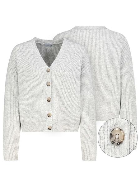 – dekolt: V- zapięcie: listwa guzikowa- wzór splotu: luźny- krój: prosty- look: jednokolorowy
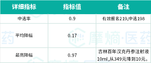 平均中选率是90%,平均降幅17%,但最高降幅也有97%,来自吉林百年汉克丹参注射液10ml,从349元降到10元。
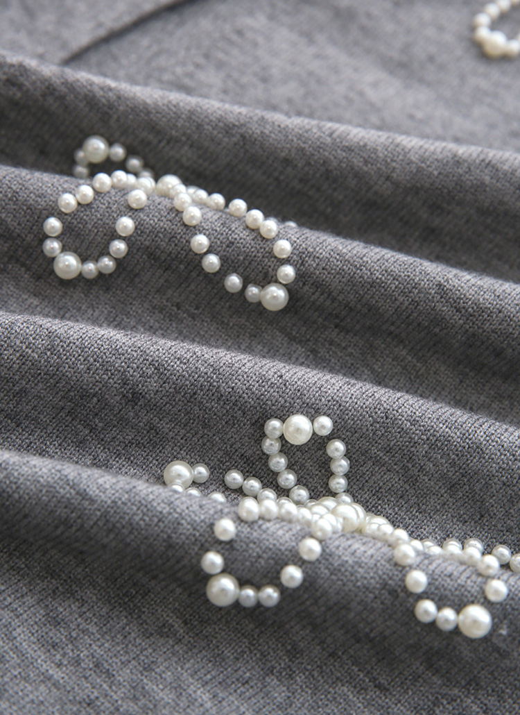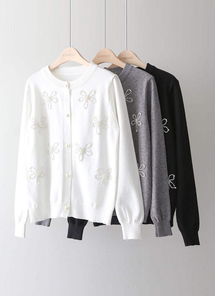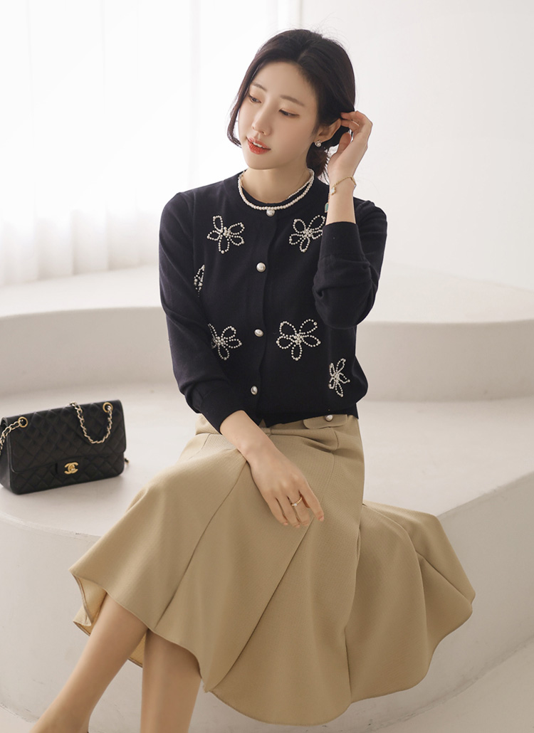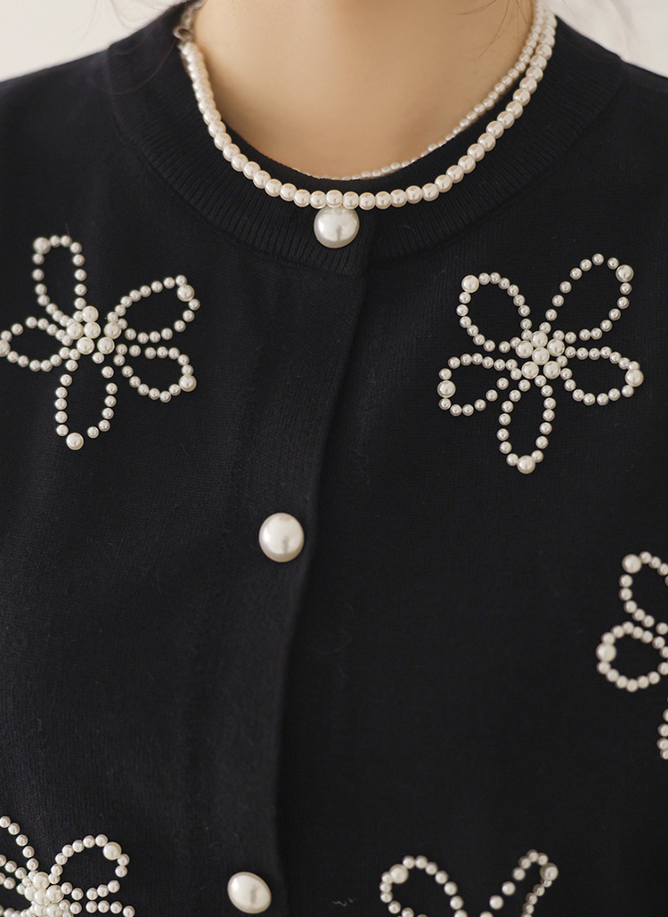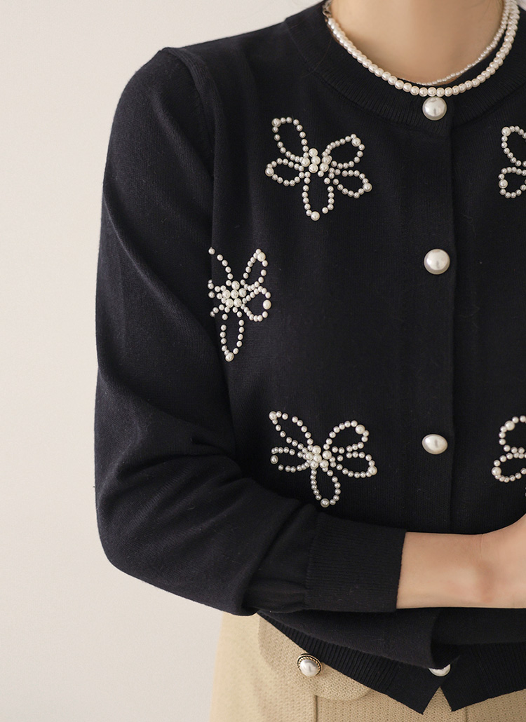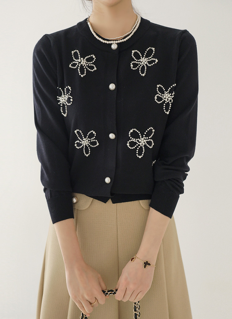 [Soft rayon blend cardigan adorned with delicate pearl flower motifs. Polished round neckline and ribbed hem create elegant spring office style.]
#####
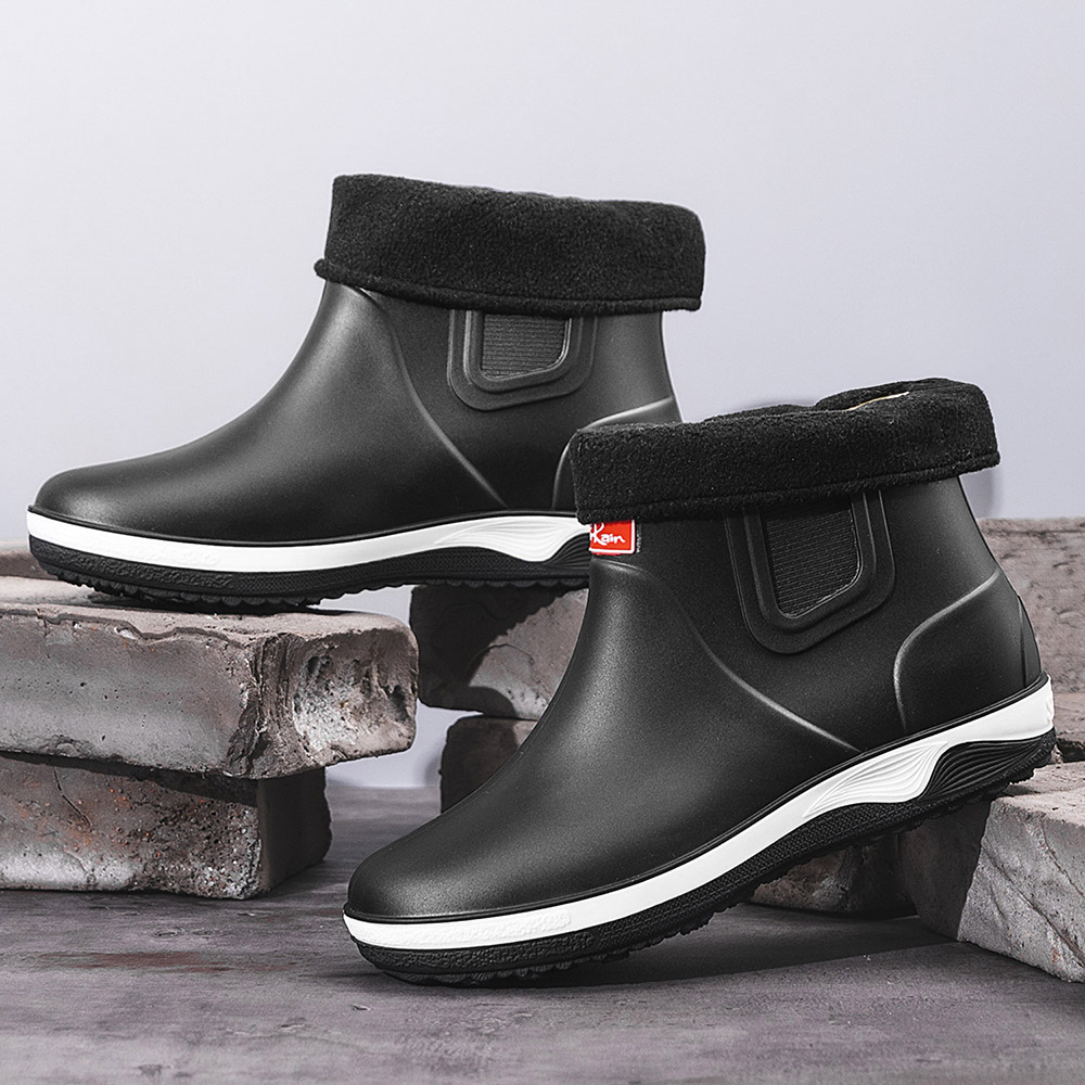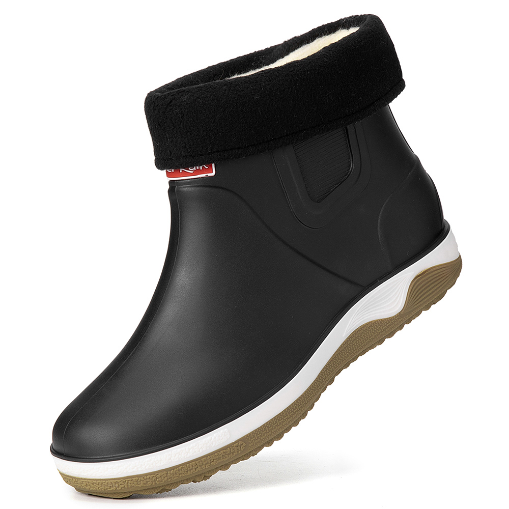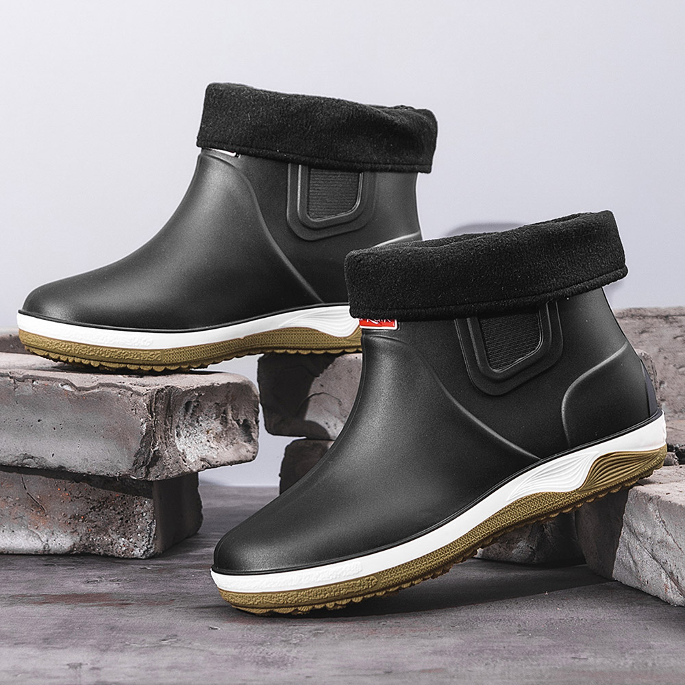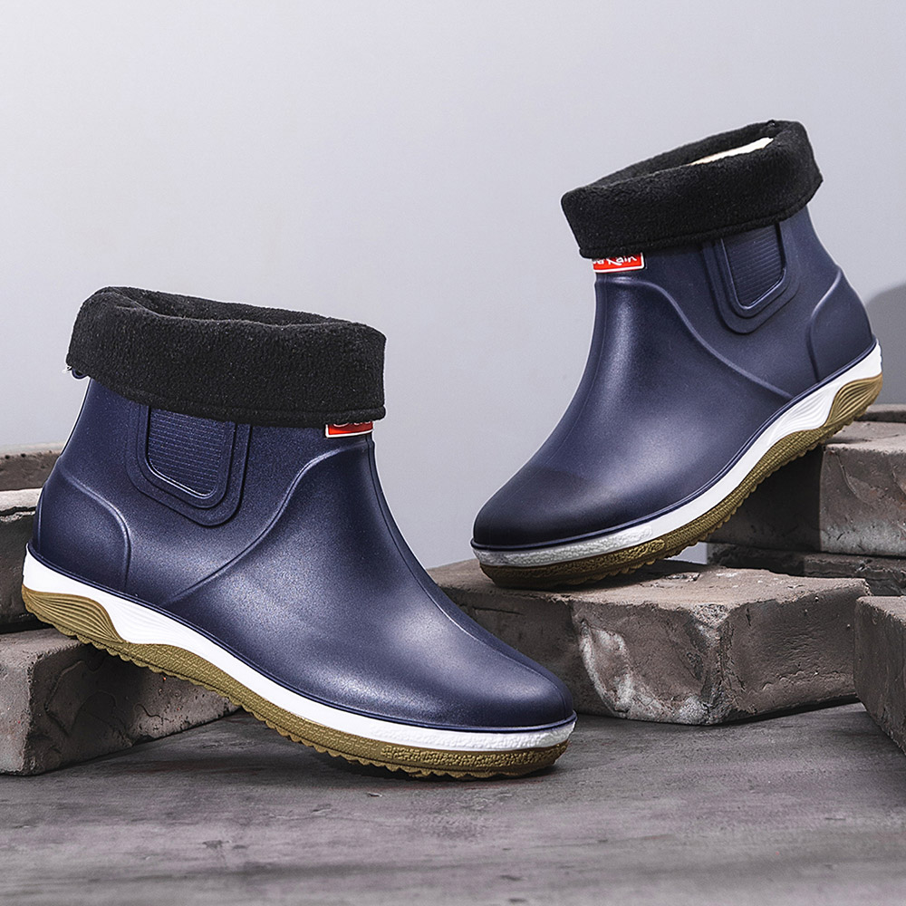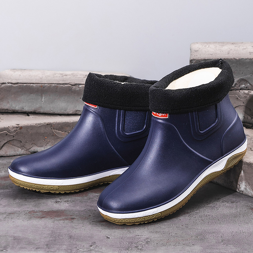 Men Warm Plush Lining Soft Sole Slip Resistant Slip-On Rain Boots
#####
**Exercise requirements**. Take the material above from the line bearing "平均中选率是90%,平均降幅" through the line bearing "[Soft rayon blend" and write it out exactly, both end lines included. Pictures stay out.

**Your solution**.
 平均中选率是90%,平均降幅17%,但最高降幅也有97%,来自吉林百年汉克丹参注射液10ml,从349元降到10元。
 [Soft rayon blend cardigan adorned with delicate pearl flower motifs. Polished round neckline and ribbed hem create elegant spring office style.]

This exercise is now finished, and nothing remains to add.